「げっ。風邪引いた……。今日の授業、休まなきゃな。」
私は寮の部屋から担任に電話をかけた。
「1時間目、先生の授業なのにな……。」
︙
1時間目。
『おいっ。あいつ、どうした?休みか?』
“えっ?あ〜、はい。風邪引いたらしいです。”
ある生徒がそう答える。
『そうか……。欠席はひとりか? 授業を始める。』
︙
︙
放課後。
「暇だなぁ〜。ラジオ体操でもしようかな〜。」
そう考えているときだった。
コンコン。
ノック音が2回聞こえた。
「はぁぁぁ〜い!!」
返事をすると扉が開いた。
『何だ。元気じゃないか。心配して損したぞ。』
「えぇ〜。心配してくれたんだね、先生。」
手にはホットミルクの入ったカップが2つとチョコレートの乗ったお盆を持っている。
『見舞い持ってきた。
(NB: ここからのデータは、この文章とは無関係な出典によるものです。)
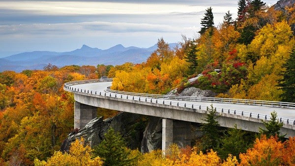 Với chiều dài gần 755km, Blue Ridge Parkway được mệnh danh là “con đường xanh” bởi những tán cây xanh mượt bao phủ khắp con đường. Nhưng thực sự Blue Ridge Parkway đẹp nhất lại chính là vào mùa lá đổi màu.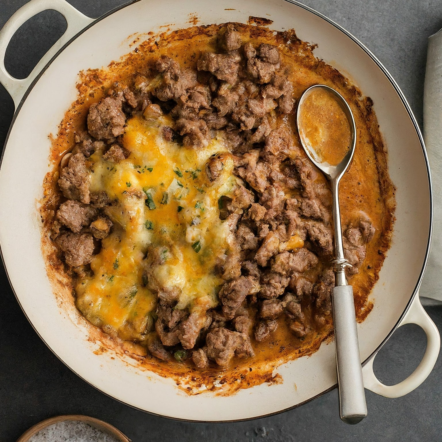 Ein klassischer Hackfleisch-Auflauf mit cremiger Sauce und überbacken mit Käse – perfekt für die ganze Familie!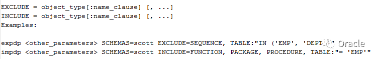 EXCLUDE:排除特定的对象类型, 例如EXCLUDE=TABLE:EMP。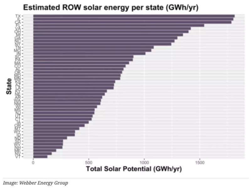 得克薩斯大學(xué)奧斯汀分校韋伯能源集團(tuán)和非盈利組織The Ray與地理信息系統(tǒng)(GIS)測繪公司ESRI的合作,建立了一條公路太陽能光伏潛力評估工具。研究發(fā)現(xiàn),在美國高速公路出口處安裝太陽能電池板每年可以產(chǎn)生高達(dá)36太瓦時(shí)的電能,足以為1200萬輛電動(dòng)乘用車提供動(dòng)力,估計(jì)每年的能源價(jià)值為40億美元。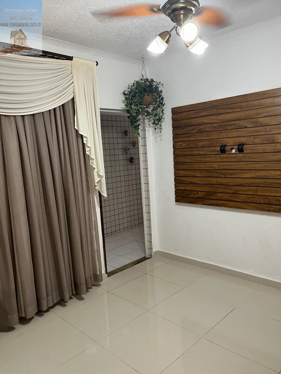de teto e cortinas na janela. No banheiro principal possui um box em vidro e armários. Na suíte,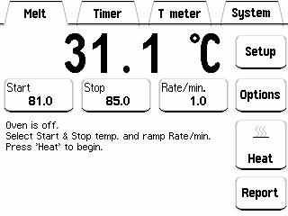 小型加熱爐的主要優點是沒有過沖。這使您可以將起始溫度設置在低于化合物預期熔點的<5°C,其可以快速加熱和冷卻,并允許僅持續2至3分鐘的測定。
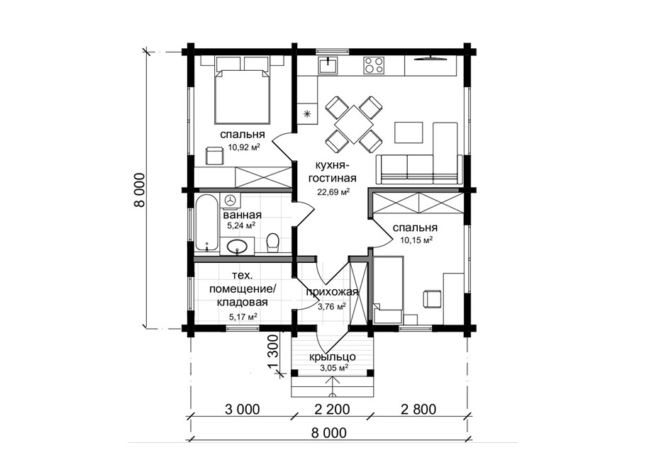 Комплектация ПРЕДЧИСТОВАЯ Сечение бруса 160х185 мм |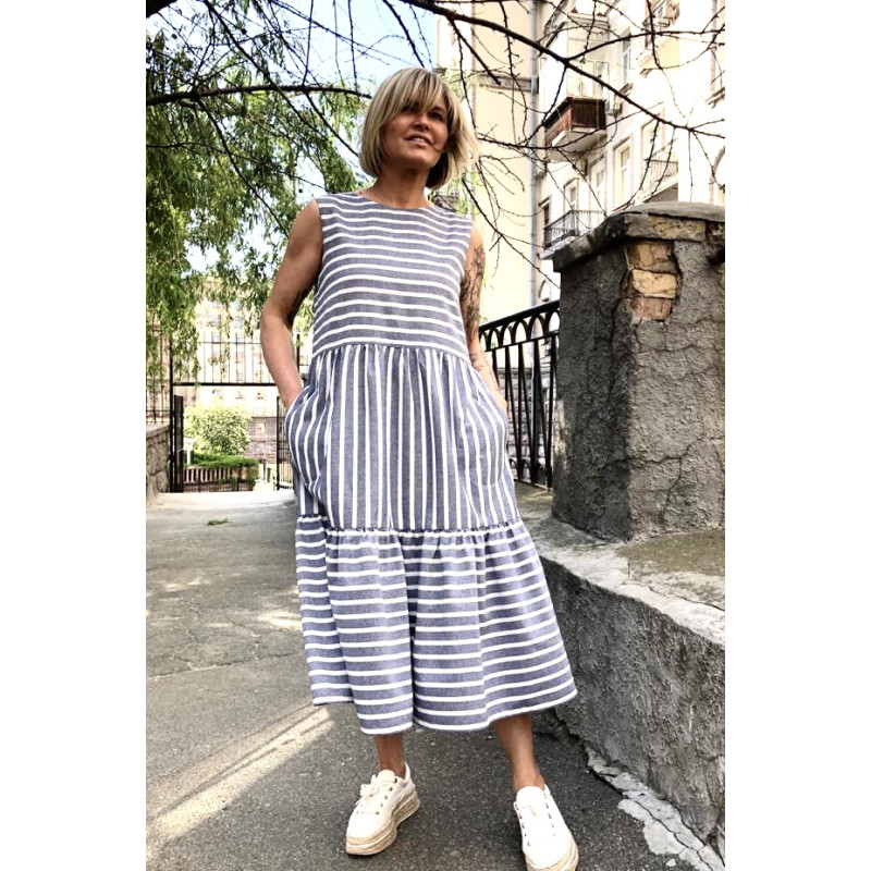 Сукня у блакитну смужку без рукавів у формі трапеції, з кишенями у бічних швах та широким воланом по низу

』
そう言いながら、持っていたお盆を数センチ上にあげる。
先生からの“心配”が少し嬉しかった。
「ありがと、先生。暇じゃなくなったよ!(笑)」
先生はチョコレートをホットミルクの中に入れ、
魔法を使ってスプーンでかき混ぜる。
「先生の魔法は便利だね。」
『便利だけじゃないさ。』
そう言いながら、ホットチョコレートミルクになったカップを差し出す。
そして、“ニヤリ”ではない本当の顔で少し笑った。
「先生にはその顔が似合ってるわ。その顔が一番ね。」
先生は照れくさそうに笑い、ホットチョコレートミルクを一口飲んだ。